ABOUT THIS EXERCISE: Copy the listing as it is written, and leave each picture out.

RECORDED DATA:

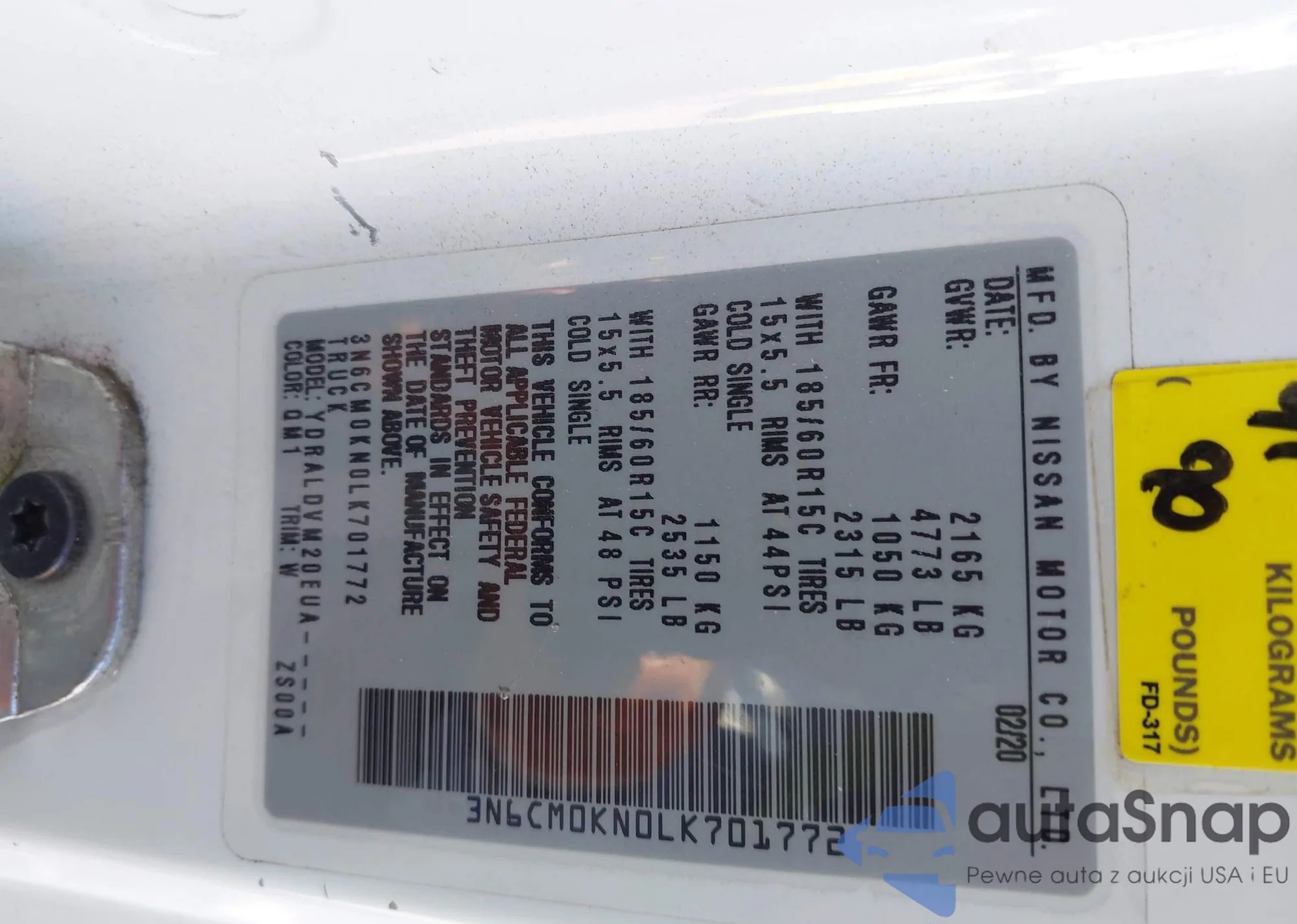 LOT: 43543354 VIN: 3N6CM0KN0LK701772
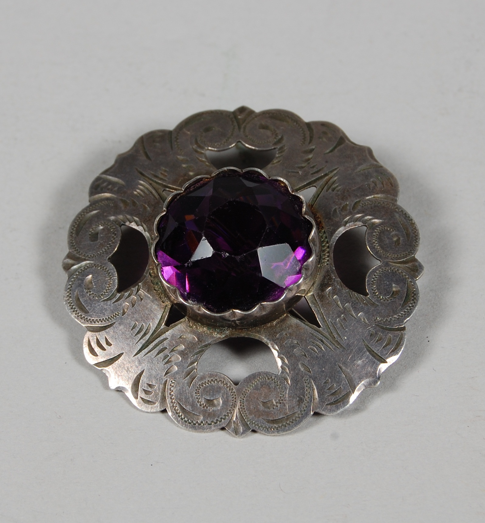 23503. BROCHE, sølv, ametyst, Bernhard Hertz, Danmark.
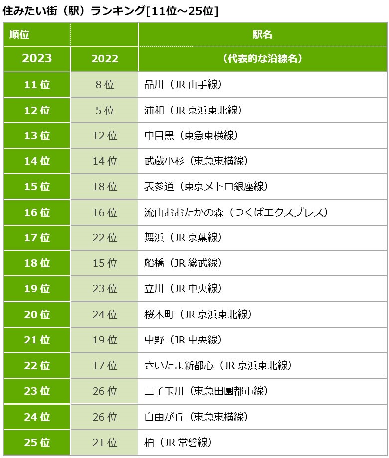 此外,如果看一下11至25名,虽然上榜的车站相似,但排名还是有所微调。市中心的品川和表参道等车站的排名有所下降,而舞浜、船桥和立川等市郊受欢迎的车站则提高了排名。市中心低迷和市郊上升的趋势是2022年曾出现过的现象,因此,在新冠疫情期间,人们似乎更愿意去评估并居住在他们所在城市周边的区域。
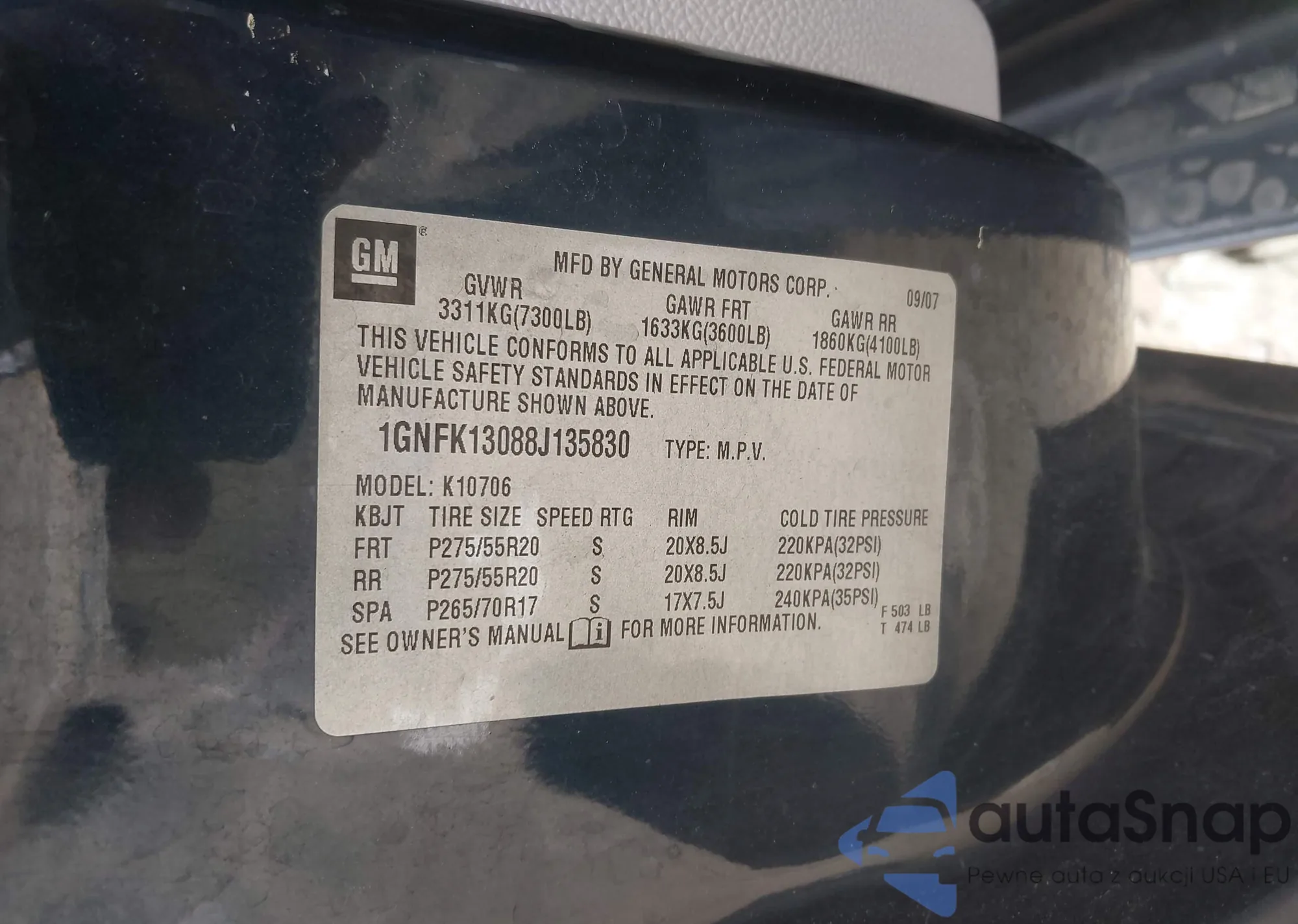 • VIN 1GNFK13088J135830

OUTPUT BELOW:
 LOT: 43543354 VIN: 3N6CM0KN0LK701772
 23503. BROCHE, sølv, ametyst, Bernhard Hertz, Danmark.
 此外,如果看一下11至25名,虽然上榜的车站相似,但排名还是有所微调。市中心的品川和表参道等车站的排名有所下降,而舞浜、船桥和立川等市郊受欢迎的车站则提高了排名。市中心低迷和市郊上升的趋势是2022年曾出现过的现象,因此,在新冠疫情期间,人们似乎更愿意去评估并居住在他们所在城市周边的区域。
 • VIN 1GNFK13088J135830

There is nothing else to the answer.